Cap Haitian: Walking Tour, Gastronomy & Artisan Market
Cap Haitian, often referred to as Cap or Au Cap is the second largest city in Haiti located in the northeastern part of the country and about a 90-minute drive from the Dominican border. At the height of the French colonization of Haiti, Cap Haitian was the richest city in the Caribbean. And after French colonization, it also became known for its critical history of the country’s independence. Today the city retains much of its colonial facade while also holding much of the nation’s most important historic monuments.
Exploring Haitian Gastronomy
Haiti’s creole cuisine (criollo) has African, Taino, French, Spanish and even Arabic influences! Tasting a little bit of everything should be high on your list of things to do in Haiti.
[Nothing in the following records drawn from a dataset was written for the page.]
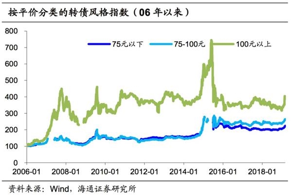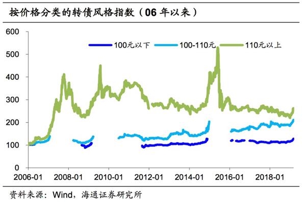 1)我们利用第一章中的构建方案来构建转债风格指数,分类标准之一是按照转债价格,即分为低价券(转债价格低于100元)、中价券(转债价格在100元-110元)和高价券(转债价格高于110元)。选择划分标准的依据,是三类转债历史的平均规模比较相近。
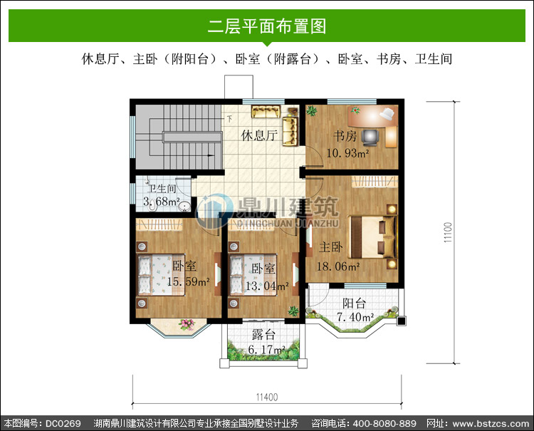 | 二 層: | 休息廳、主臥(附陽臺)、臥室(附露臺)、臥室、書房、衛生間 | |||
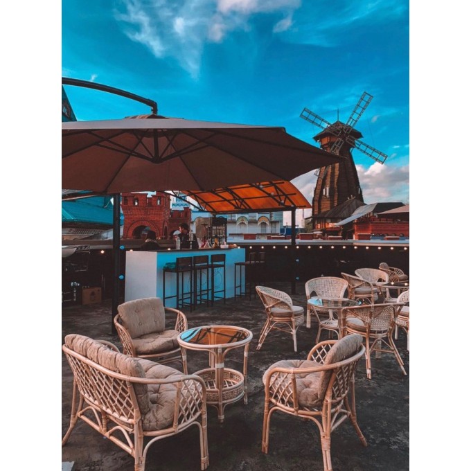 Веранда под открытым небом с впечатляющим видом на Измайловский кремль и парк. С комфортными мягкими креслами, приятным музыкальным сопровождением и конечно же, вкусными, дымными кальянами!
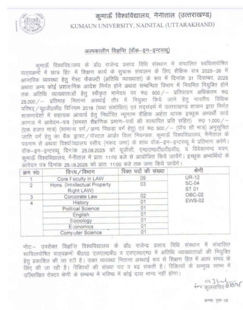 प्रशासनिक आदेश निर्गत होने अथवा सम्बन्धित विभाग में नियमित नियुक्ति होने तक अतिथि व्याख्याताओं हेतु स्वीकृत मानेदय पर रू० 500/-प्रतिवादन अधिकतम रू० 25,000/- प्रतिमाह नितान्त अस्थाई तौर में नियुक्त किये जाने हेतु भारतीय विधिक परिषद् / यू०जी०सी० विनियम 2018 (यथा संशोधित) एवं तदसंदर्भ में उत्तराखण्ड शासन द्वारा निर्गत शासनादेशों में सहायक आचार्य हेतु निर्धारित न्यूनतम शैक्षिक अर्हता धारक इच्छुक अभ्यर्थी सादे कागज में आवेदन-पत्र (समस्त शैक्षणिक प्रमाण-पत्रों की सत्यापित प्रति सहित) रू0 1,000/-(एक हजार मात्र) (सामान्य वर्ग/अन्य पिछडा वर्ग हेतु) एवं रू0 500/- (पाँच सौ मात्र) अनुसूचित जाति वर्ग हेतु का बैंक ड्राफ्ट / पोस्टल आर्डर वित्त नियन्त्रक, कुमाऊँ विश्वविद्यालय, नैनीताल के पदनाम से अथवा विश्वविद्यालय रसीद (नकद जमा) के सांथ वॉक-इन-इन्टरव्यू में प्रतिभाग करेंगे। वॉक-इन-इन्टरव्यू दिनांक 25.08.2025 को यूजीसी, एम०एम०टी०टी०सी०, द विवेकानन्द भवन, कुमाऊँ विश्वविद्यालय, नैनीताल में प्रातः 11:00 बजे से आयोजित किये जायेंगे। इच्छुक अभ्यर्थियों के आवेदन पत्र दिनांक 25.08.2025 को प्रातः 11:00 बजे तक जमा किये जायेंगे।

The unique fusion of citrus and spicy flavors (agropicante) will have you gorging on the simplest dish due to the mount-watering flavors. Go to Lakay, Boukanye or Lolo Restaurant for some of the most delicious foods in Cap Haitian. Don’t leave Haiti without trying at least a few of the following dishes:
- Soup Joumou
- Vegetable stews
- Sos Pwa
- Poulet Aux Noix (Chicken with cashews)
- Bannane frit (Haitian tostones)
- Diri ak djon djon
Cap Haitian History Walking Tour
Our tour guide Lubin, took us on a walking tour around the main highlights of Cap Haitian. He covered famous squares, monuments, churches, historic streets, and local businesses; all while explaining the fascinating history of Haiti and Cap Haitian. Like did you know….
- Haiti was the world’s first black-led republic
- Haitian was also one of the only successful mass slave rebellions in written history
- Haiti was one of the first countries in the Americas to win its independence from the colonists in 1804
- France threatened embargos against Haiti and demanded reparations to compensate former slave owners for their “loss”. The cost is estimated to be valued today at $21 billion dollars and it was not paid off until 1947. Today, Haiti still feels the impact of that debt. Source: Forbes.
Cap Haitian Shopping: Artisan Craft Market
Last stop of the day: Artisan market to shop for Haitian art and speciality crafts. How cute is this purse (pictured above) that I bought for my cousin?! We came across several instruments hats, trinkets, jewelery, and other hand-made items for sale in the different booths.
Labadie Bay Beach Hopping & Cap Haitian Nightlife
Put on your swimsuits, pack your towels and bring waterproof bags for a full day of beach hopping through the magnificent Labadie Bay. It took about an hour to get there from Cap Haitian, passing through lush mountain hillsides roads overlooking the Caribbean ocean.
When we got to the port, we boarded one of the many colorful long tail boats for our tour around the bay.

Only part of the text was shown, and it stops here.